**ASSIGNED TASK**.
Look through the lines below; wherever the word "under" appears, copy that line.

(Stored data entries)
*-*-*

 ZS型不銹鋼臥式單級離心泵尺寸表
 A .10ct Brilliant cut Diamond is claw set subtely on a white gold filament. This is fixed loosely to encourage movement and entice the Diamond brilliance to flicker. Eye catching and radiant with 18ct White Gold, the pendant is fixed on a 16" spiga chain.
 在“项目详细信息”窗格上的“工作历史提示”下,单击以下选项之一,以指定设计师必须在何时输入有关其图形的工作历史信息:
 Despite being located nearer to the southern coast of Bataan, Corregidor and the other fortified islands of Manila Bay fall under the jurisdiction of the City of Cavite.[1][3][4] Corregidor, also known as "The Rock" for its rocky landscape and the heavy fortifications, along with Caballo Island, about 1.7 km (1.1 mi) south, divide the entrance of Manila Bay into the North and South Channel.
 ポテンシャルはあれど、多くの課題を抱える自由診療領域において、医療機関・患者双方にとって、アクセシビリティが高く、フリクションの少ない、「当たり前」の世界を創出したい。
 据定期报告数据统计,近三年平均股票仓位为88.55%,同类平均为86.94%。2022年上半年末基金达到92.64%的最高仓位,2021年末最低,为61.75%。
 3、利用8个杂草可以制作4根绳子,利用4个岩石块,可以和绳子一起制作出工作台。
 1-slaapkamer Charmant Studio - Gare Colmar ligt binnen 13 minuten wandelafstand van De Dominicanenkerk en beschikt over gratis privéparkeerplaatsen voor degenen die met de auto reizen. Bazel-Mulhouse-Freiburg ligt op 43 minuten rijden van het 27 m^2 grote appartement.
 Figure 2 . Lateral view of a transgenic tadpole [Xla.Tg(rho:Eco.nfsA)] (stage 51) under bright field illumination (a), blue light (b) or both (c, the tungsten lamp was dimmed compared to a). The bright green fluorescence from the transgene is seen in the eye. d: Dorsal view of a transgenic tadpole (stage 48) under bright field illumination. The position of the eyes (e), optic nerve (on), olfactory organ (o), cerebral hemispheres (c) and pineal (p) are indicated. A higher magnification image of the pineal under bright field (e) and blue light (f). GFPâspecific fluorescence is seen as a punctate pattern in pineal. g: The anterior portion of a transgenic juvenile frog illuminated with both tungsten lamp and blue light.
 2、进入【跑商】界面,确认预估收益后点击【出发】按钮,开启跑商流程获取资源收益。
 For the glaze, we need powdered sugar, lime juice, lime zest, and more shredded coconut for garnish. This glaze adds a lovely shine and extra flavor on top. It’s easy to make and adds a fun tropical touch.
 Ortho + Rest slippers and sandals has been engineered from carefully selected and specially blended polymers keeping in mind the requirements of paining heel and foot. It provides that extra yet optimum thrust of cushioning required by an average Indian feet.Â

*-*-*

**ANSWER SECTION**.
 Despite being located nearer to the southern coast of Bataan, Corregidor and the other fortified islands of Manila Bay fall under the jurisdiction of the City of Cavite.[1][3][4] Corregidor, also known as "The Rock" for its rocky landscape and the heavy fortifications, along with Caballo Island, about 1.7 km (1.1 mi) south, divide the entrance of Manila Bay into the North and South Channel.
 Figure 2 . Lateral view of a transgenic tadpole [Xla.Tg(rho:Eco.nfsA)] (stage 51) under bright field illumination (a), blue light (b) or both (c, the tungsten lamp was dimmed compared to a). The bright green fluorescence from the transgene is seen in the eye. d: Dorsal view of a transgenic tadpole (stage 48) under bright field illumination. The position of the eyes (e), optic nerve (on), olfactory organ (o), cerebral hemispheres (c) and pineal (p) are indicated. A higher magnification image of the pineal under bright field (e) and blue light (f). GFPâspecific fluorescence is seen as a punctate pattern in pineal. g: The anterior portion of a transgenic juvenile frog illuminated with both tungsten lamp and blue light.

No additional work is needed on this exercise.